I love the clouds here in the summer. Sometimes they peek over the mountaintops, then continue to grow higher and higher into tall cumulus peaks, snow white, resembling mountains of whipped cream. I think if I had a giant spoon I could take a bite. At other times they look muscular and strong, their bulges and humps look like a boxer flexing his muscles, as if to say, "Watch out, I'm going to drop a giant thunderstorm on your head." It's only bluff. When you look later, that big cloud has dissipated into a shimmering cirrus shelf, gradually fizzling out.

The clouds seem to come from the northwest, veer west and turn toward the southside of the lake. Sometimes the thunder rolls and lightning zig-zags the length of the lake. A big fireworks show. Maybe that's why the original inhabitants were afraid of the thunder and lightning gods, and that they used a lightning bolt in their paintings and pottery.

There are some mornings when we wake and see the mountains totally covered in soft gray clouds and mist which sinks lower and lower so that you feel they are going to cover you with their moisture. Then maybe it does rain in the village, or maybe it rains up in the mountains and we never know it until the water runs down the arroyos and into the streets.

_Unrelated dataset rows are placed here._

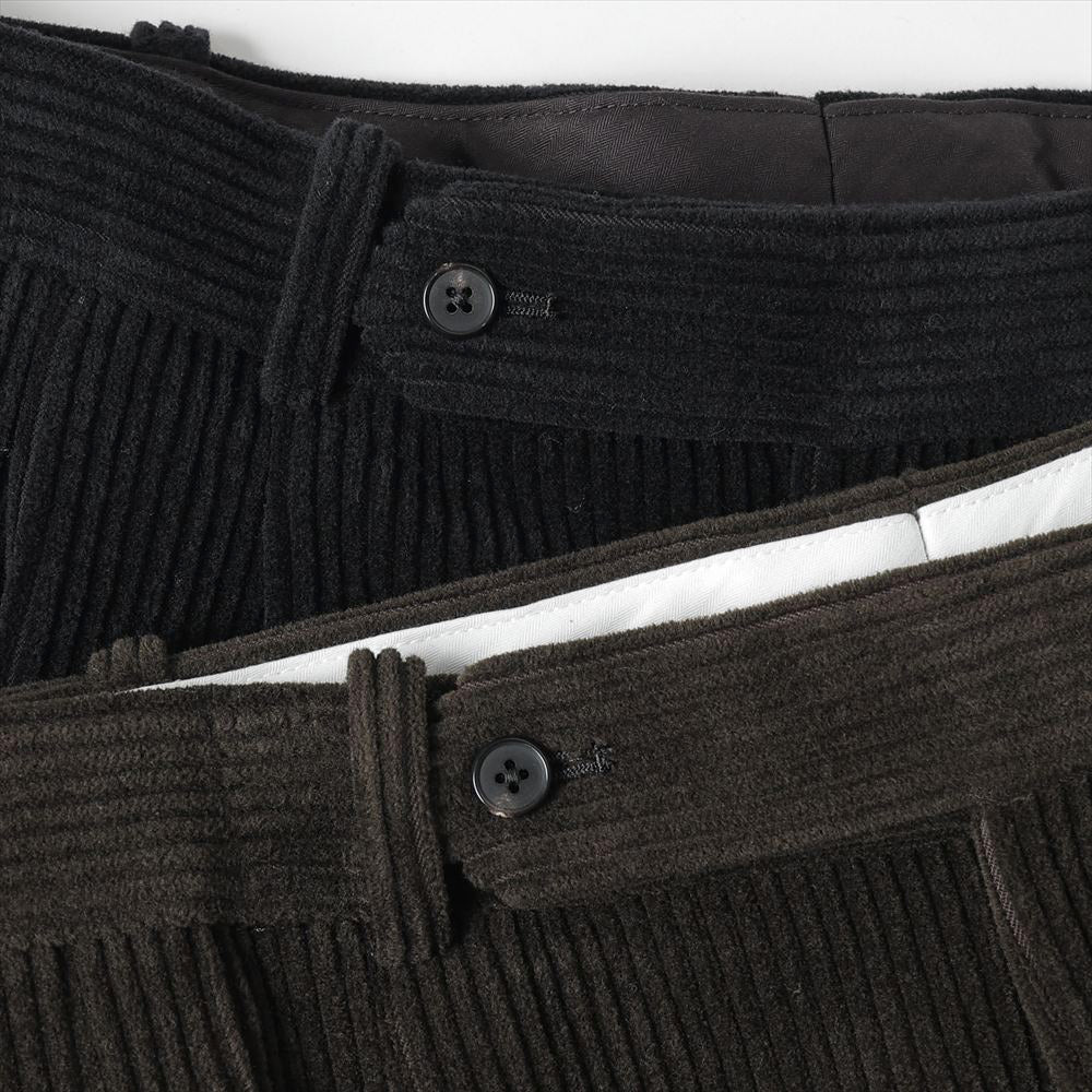 Wool corduroy made with Supima cotton warp threads and New Zealand super160's extra fine merino wool weft threads.
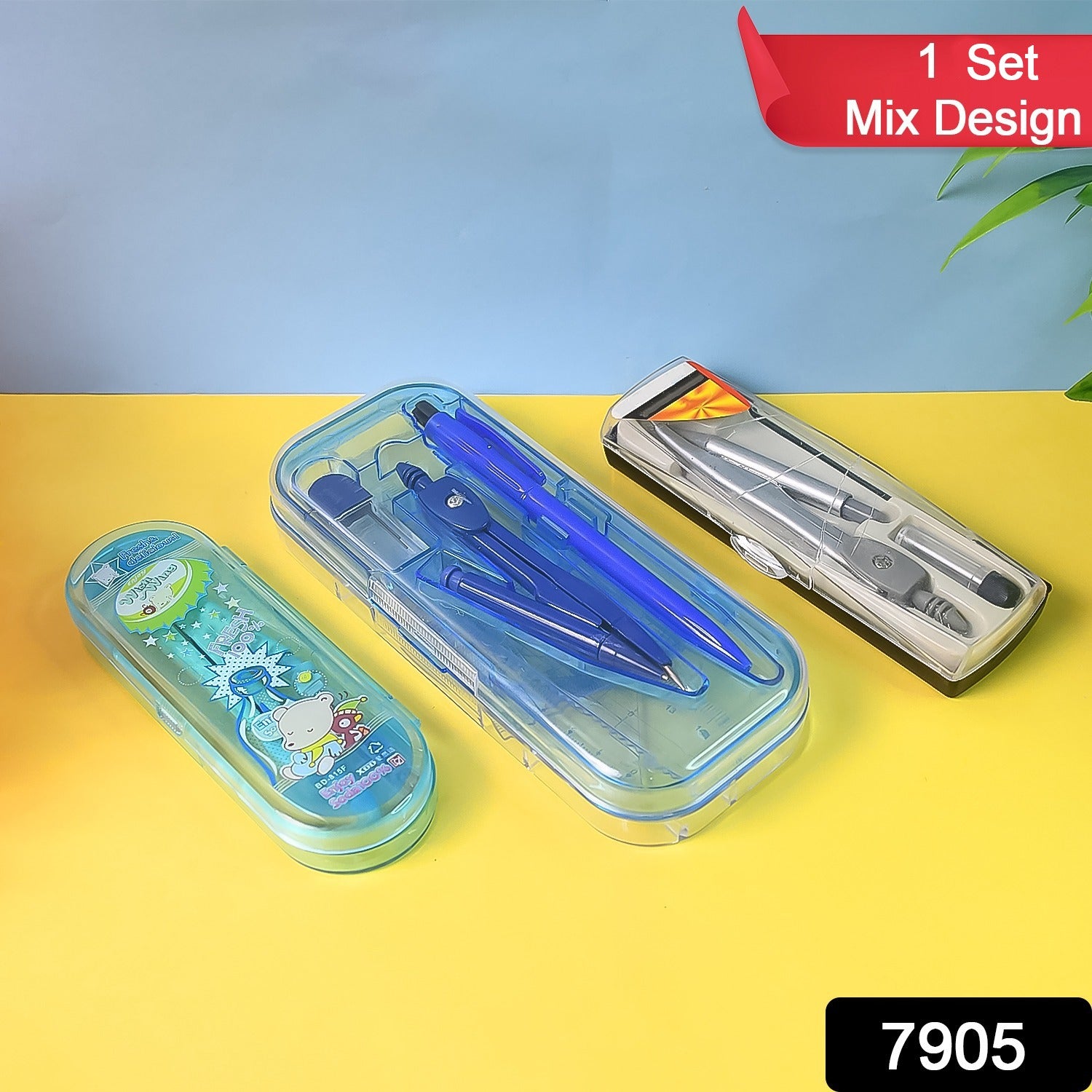This 1 Pc Mix Design Geometry Compass Set offers a variety of stylish and functional compass kits perfect for school-going children and students. Each set includes essential mathematical instruments such as a compass, pencil, divider, and ruler, all housed in a compact and durable plastic box.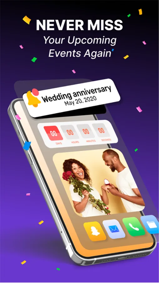 With countdown event reminder smart feature help you configure your countdown event and get notifications more frequently as the event approaches. Events anniversaries and precious moments will never be forgotten again.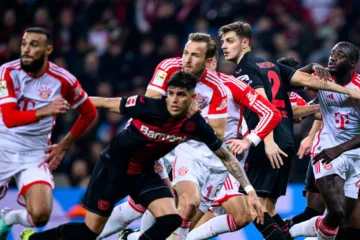 Kane, do Bayern de Munique, briga com a defesa do Bayer Leverkusen no jogo válido pela Bundesliga (Reprodução/X/Bayer Leverkusen)
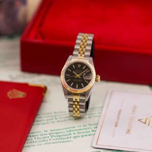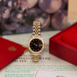 Originally sold in 1988, this example showcases a stunning Black dial. The watch was serviced in 2026 and is in very good condition, with a fully functional automatic movement ensuring precise timekeeping. The Jubilee bracelet, sized for wrists up to 16 cm, shows minimal stretch, preserving its structural integrity. Presented as a full set with its original Rolex box and papers, this Datejust is a distinguished choice for collectors or those seeking a well-maintained vintage timepiece.
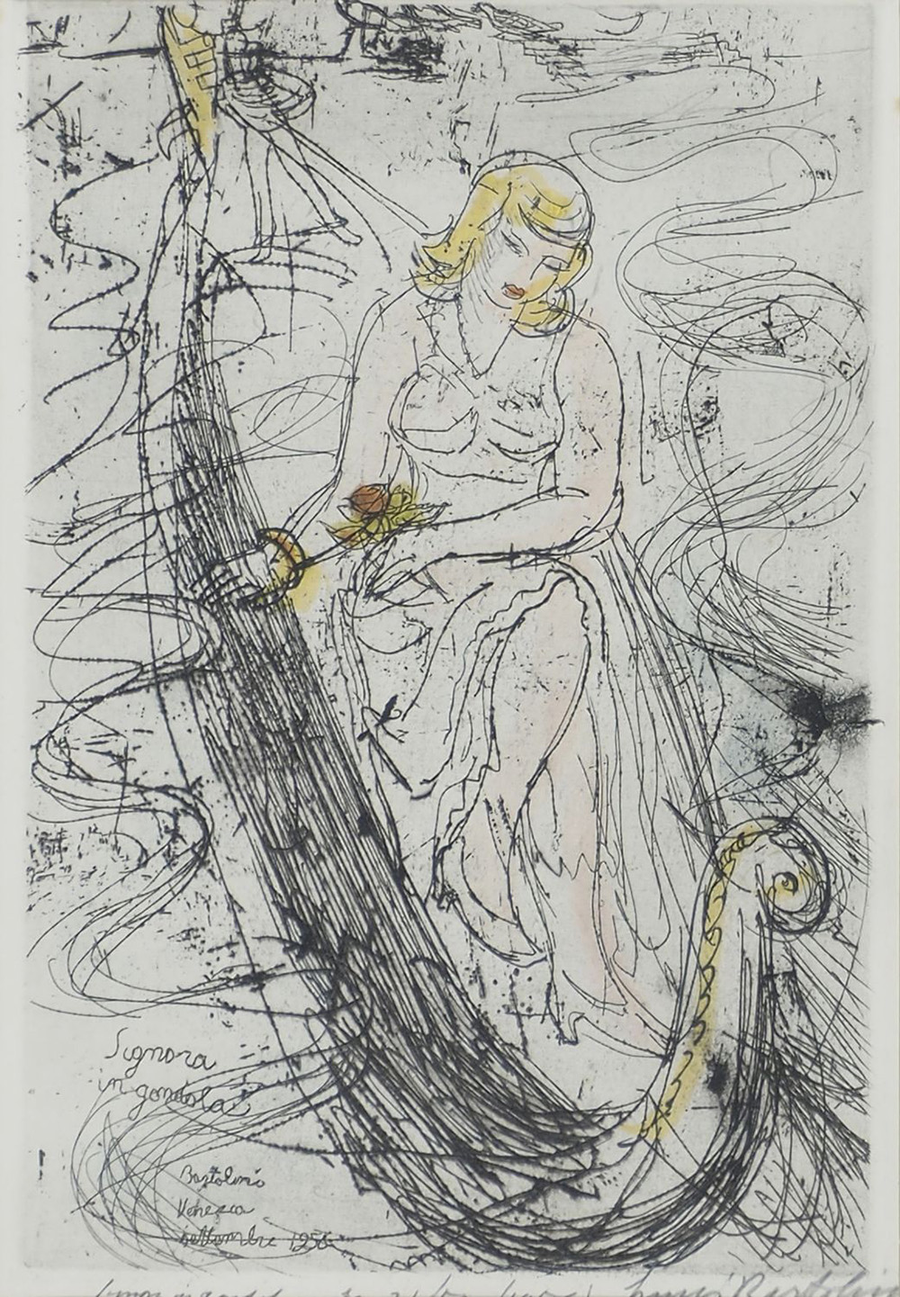 Luigi Bartolini 1892-1963 "Signora in gondola" (1956) cm. 33x23 - incisione...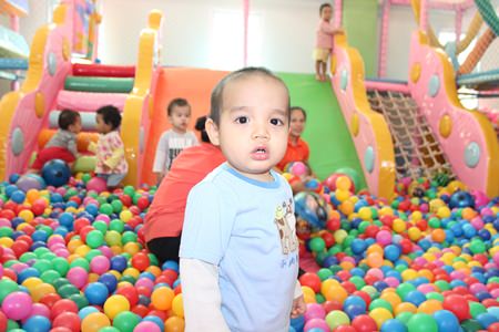 “Who are you?” A youngster is only distracted from playing with the colorful balls for just an instant.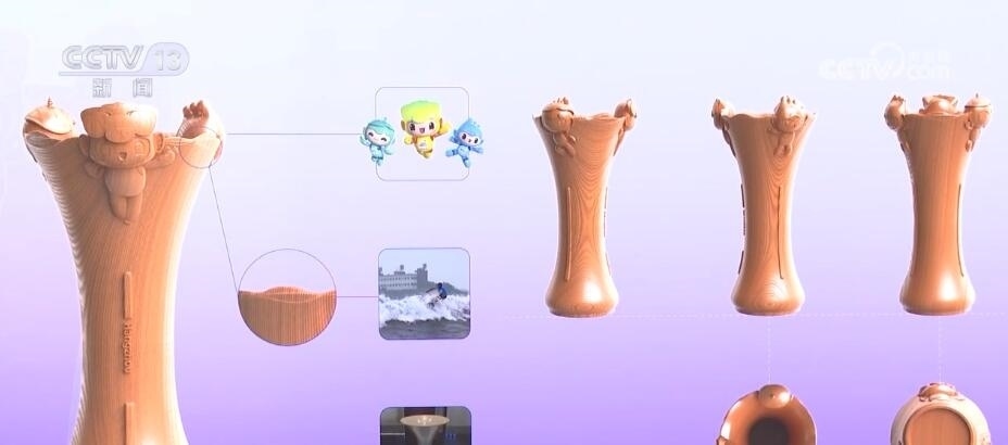 頒獎托盤設計靈感則來源于微風中波動的西湖水面,結合本屆亞運會核心圖形“潤澤”中的飄逸絲帶意向,整體給人流動之感。

I never tire of looking up, up, up to see where the clouds are and what kind they are, trying to predict, "Is it going to rain today or tonight?" But the clouds are clever, they never disclose their intent until there is a sudden downpour--or a silent drifting away. The natives go along with their daily business. If it rains, the women grab an umbrella, the macho men let the rain soak their shirts. They know the sun will return and the clouds will form again.